On ne peut pas flotter ainsi entre l’idée de sanctionner le meurtre et celle de rendre meilleur le coupable considéré comme mauvais. Je n’invoquerai pas l’expérience mille fois confirmée de braves criminels ou de braves délinquants que la prison rendit désespérés ou dépravés. Mais celle de tant d’anciens combattants, innocents et même honorés, que la guerre a détériorés  – pour ceux-là on ne prévoit nul amendement.

La seule sanction que l’on devra envisager  – car il en faut absolument une -, c’est la réparation. Bien sûr, si on peut essayer de rendre l’argent volé, si des excuses publiques suffisent parfois à restaurer une réputation flétrie, on ne peut pas ressusciter un mort. La réparation dont je parle peut ne pas porter directement sur … l’objet cassé. La nouvelle règle devrait être : « Vous avez fait un mal, vous devez faire un bien ». je ne vois pas en quoi croupir en prison fait du bien, est un acte de bien.

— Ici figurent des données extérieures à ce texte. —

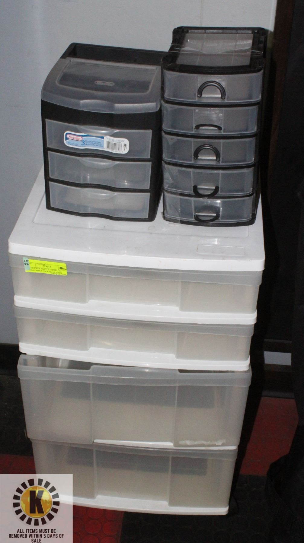TWO SMALL TABLE TOP SIZE PLASTIC STORAGE ORGANIZERS ALL ITEMS MUST BE REMOVED WITHIN 5 DAYS OF SALE
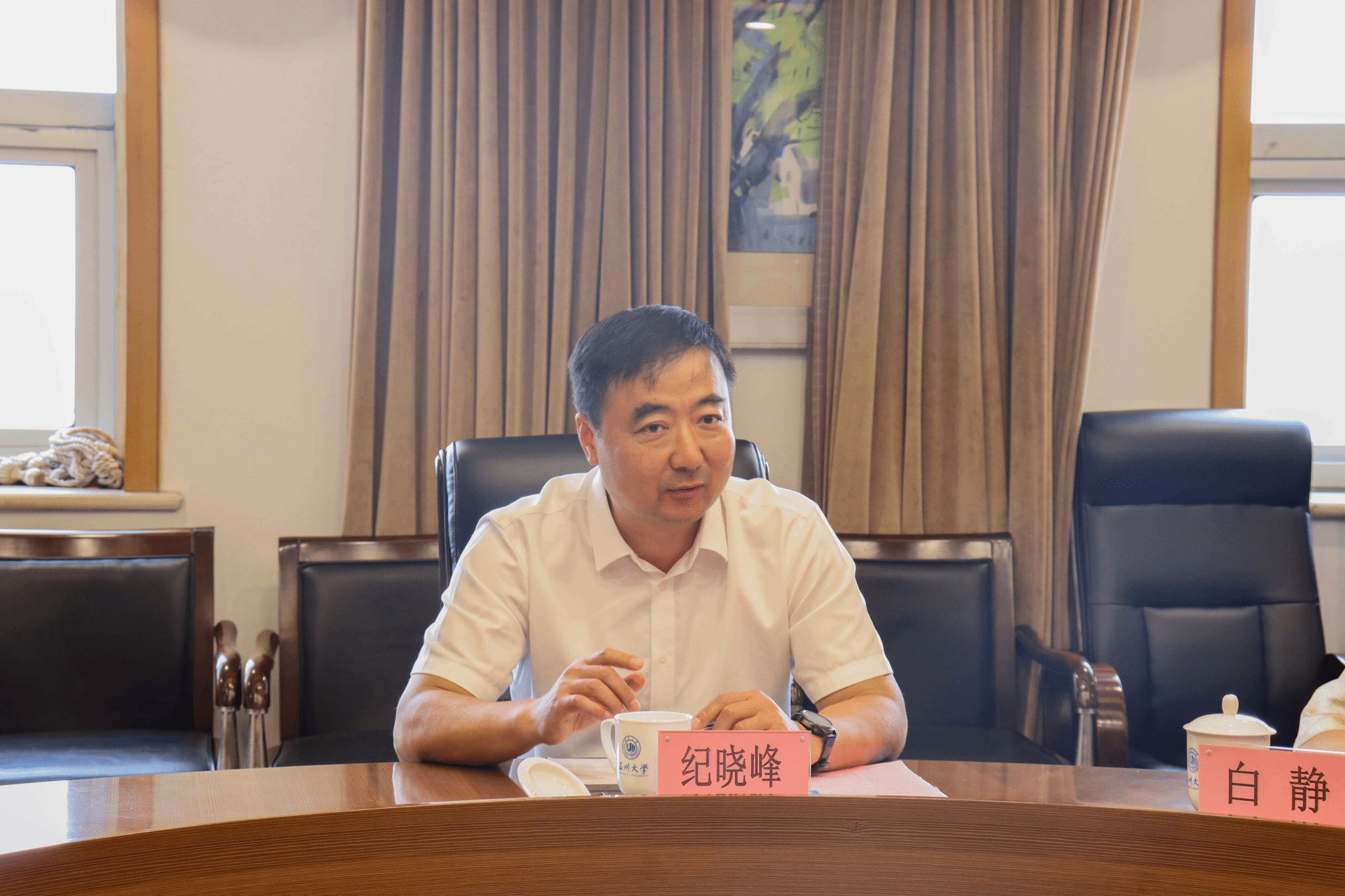 在会谈前,纪晓峰会长实地参观了温州大学校史馆、温州大学美术馆,深入了解学校办学历史与文化积淀,对学校的办学历史、环境和特色的学科布局给予充分肯定。
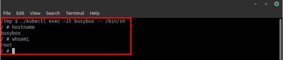 Assim como acessamos o pod Tiller por meio de uma shell interativa utilizando o kubectl, precisamos fazer o mesmo com o busybox (nome do pod malicioso). Basta executar o mesmo comando que foi executado para a shell interativa com Tiller. Porém, neste caso, precisamos apenas executar “./kubectl exec -it busybox – /bin/sh”, como demostrado na imagem:
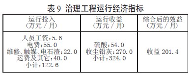 治理工程運(yùn)行經(jīng)濟(jì)指標(biāo)見表9。
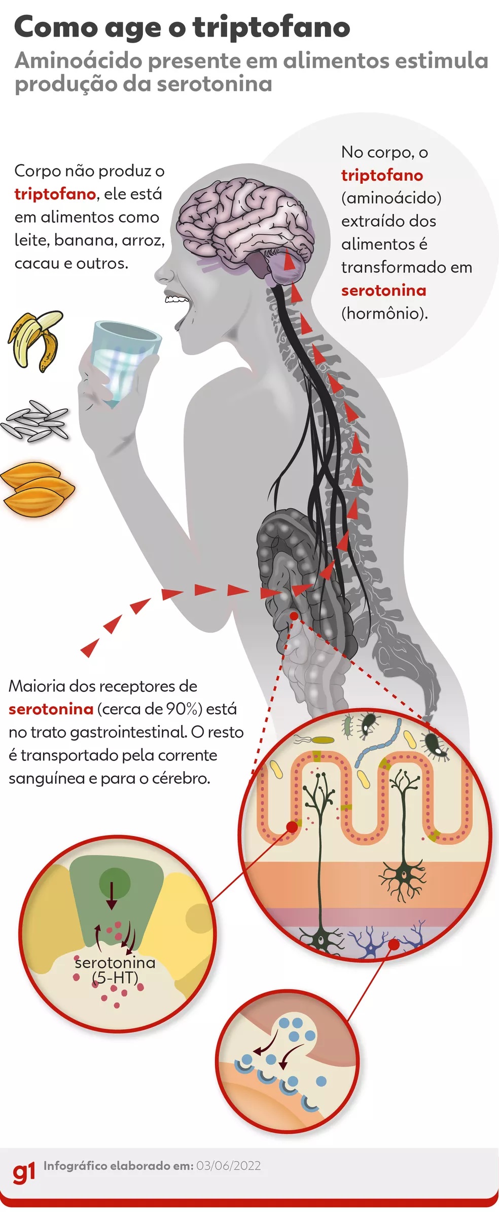 Como o triptofano é um aminoácido essencial (o corpo não o produz), precisamos ingerir alimentos ricos na substância (veja ilustração acima), e diversas comidas presentes no nosso dia a dia contêm triptofano. Não é preciso ir longe: cereais, carnes, frutas, peixes e até mesmo o leite contêm bons níveis da substância.

Un automobiliste imprudent qui a “causé la mort”, on doit peut-être lui retirer le permis de conduire. Je pense que je le lui retirerais définitivement, car il n’a donné et ne peut donner aucune assurance qu’il ne sera plus jamais négligent. On doit en outre l’obliger à une réparation. Les dommages et intérêts, le pretium doloris, sont des moyens non négligeables d’adoucir la peine des vivants. Mais les compagnies d’assurances peuvent s’en charger. L’automobiliste négligent dans sa conduite aura été prévoyant en contractant une bonne assurance… ce n’est pas sur ce terrain que je veux rester, car je ne me préoccupe pas ici du degré d’irresponsabilité de l’écraseur, ni de sa dangerosité. Je dis qu’il y a eu un mal de plus dans le monde, par le fait d’un individu, un mal qu’on ne peut pas laisser passer, un homicide. Je dis qu’on ne peut compenser (annuler) ce mal par un autre mal. Si on veut que le monde soit sauvé un jour, il faut mettre un bien toutes les fois qu’on aura mis un mal.

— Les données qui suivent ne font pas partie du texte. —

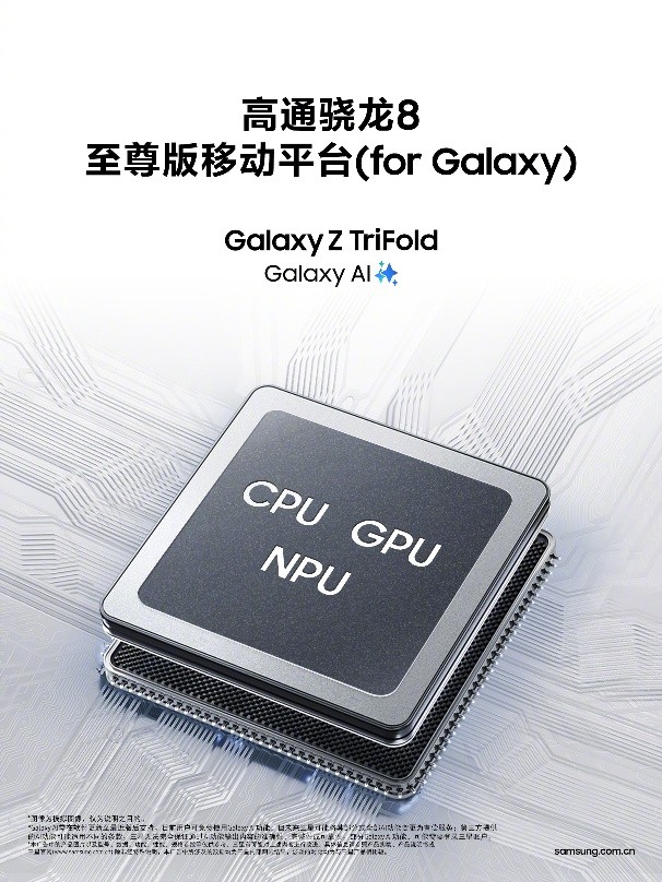 此外,作为一款超高端折叠设备,三星Galaxy Z TriFold也少不了旗舰级别的硬件配置。其搭载了骁龙8至尊版移动平台(for Galaxy),为系统的稳定流畅运行提供了强劲的支持。内屏、外屏均使用第二代动态AMOLED屏幕,拥有超高分辨率和峰值亮度,无论是办公、观影,还是游戏,都能让用户享受到震撼的视觉效果。内置的5600毫安时(典型值)三电芯电池系统,配合45W超级加速充电,也为三星Galaxy Z TriFold带来了更持久的续航。
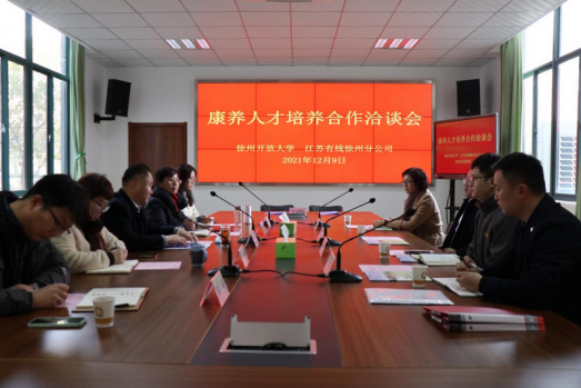 為進(jìn)一步加強(qiáng)與主流媒體合作,探索構(gòu)建康養(yǎng)與媒體合作新模式,12月9日,江蘇有線徐州分公司黨委書記、總經(jīng)理邱強(qiáng)一行來校洽談校企合作事宜,副校長胡釗涵出席活動(dòng)。

Il ne s’agit pas de rétablir un équilibre écologique entre un quantum de bien et un quantum de mal dans le monde. Cette notion d’équilibre serait magique. Il n’y a pas à additionner, à comptabiliser les actes plus et les actes moins (avec quels coefficients ?). Il n’y a pas non plus à espérer que la dose des premiers croisse et que ce serait cela l’avenir de la planète. Pourtant les gens qui soignent et ceux qui font régresser la mauvaise santé, ceux qui aident les névrosés à sortir de leur cercle vicieux, ceux qui rééduquent les infirmes, ceux qui instruisent, ceux qui amendent le sol et rendent les contrées prospères, ceux qui éclairent la conscience politique et ceux qui cherchent à mieux organiser la société, ceux-là et bien d’autres font diminuer le mal sous différentes formes. Mais on ne saura jamais si l’humanité va mieux, s’il y a un progrès. Les forces destructrices, qu’elles soient naturelles ou humaines, sont d’une ampleur et d’une constance qui forcent l’admiration. Une maison patiemment construite est démolie en une seconde. L’héroïsme d’un militant sera nié par la réaction triomphante ou la révolution annexée par une nouvelle classe de maîtres.

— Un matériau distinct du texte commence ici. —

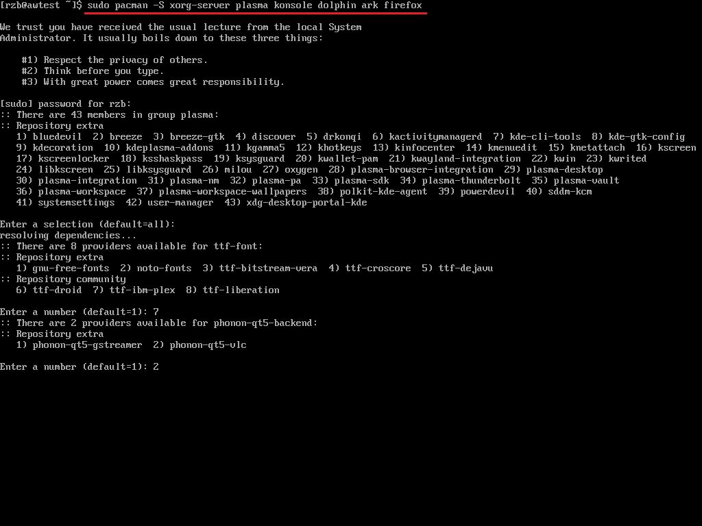 # sudo pacman -S xorg-server plasma(plasma-meta) konsole dolphin ark firefox

Je veux ici seulement mettre en avant une règle de la morale. Règle minimale, si l’on veut. La règle absolue serait : « Fais tous les actes bons que tu pourras, même si tu ne vois pas le bien triompher, ou simplement augmenter. » A tout le moins je propose : « Toutes les fois que tu auras fait un acte mauvais, c’est à dire nuisible à autrui, fais un acte bon ». C’est le premier rempart que nous pouvons dresser, et redresser sans cesse, contre la puissance du mal.